Exercise - Every line below from the one with "(2)根據年初績效目標,我部" through the one with "180 RESTAURANTS ALBANIAN" is to be repeated exactly, with no picture among them.

Records for processing -
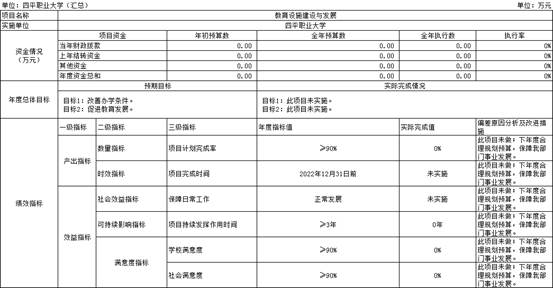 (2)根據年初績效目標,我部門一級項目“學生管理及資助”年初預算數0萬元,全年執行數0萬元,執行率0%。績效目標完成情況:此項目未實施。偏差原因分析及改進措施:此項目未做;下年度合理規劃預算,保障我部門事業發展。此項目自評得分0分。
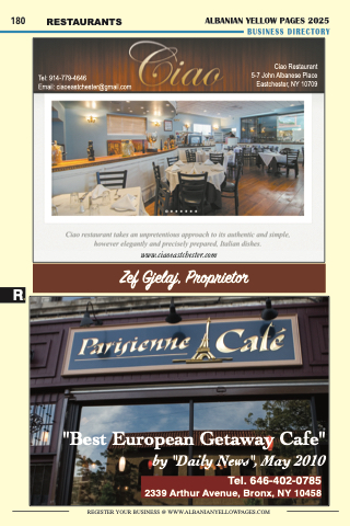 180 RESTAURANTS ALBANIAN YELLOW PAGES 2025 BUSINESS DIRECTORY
--
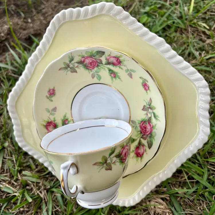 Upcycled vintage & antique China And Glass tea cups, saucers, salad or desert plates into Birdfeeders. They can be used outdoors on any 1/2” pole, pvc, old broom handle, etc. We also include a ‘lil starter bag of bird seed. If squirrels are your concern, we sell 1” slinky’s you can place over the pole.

Answer -
 (2)根據年初績效目標,我部門一級項目“學生管理及資助”年初預算數0萬元,全年執行數0萬元,執行率0%。績效目標完成情況:此項目未實施。偏差原因分析及改進措施:此項目未做;下年度合理規劃預算,保障我部門事業發展。此項目自評得分0分。
 180 RESTAURANTS ALBANIAN YELLOW PAGES 2025 BUSINESS DIRECTORY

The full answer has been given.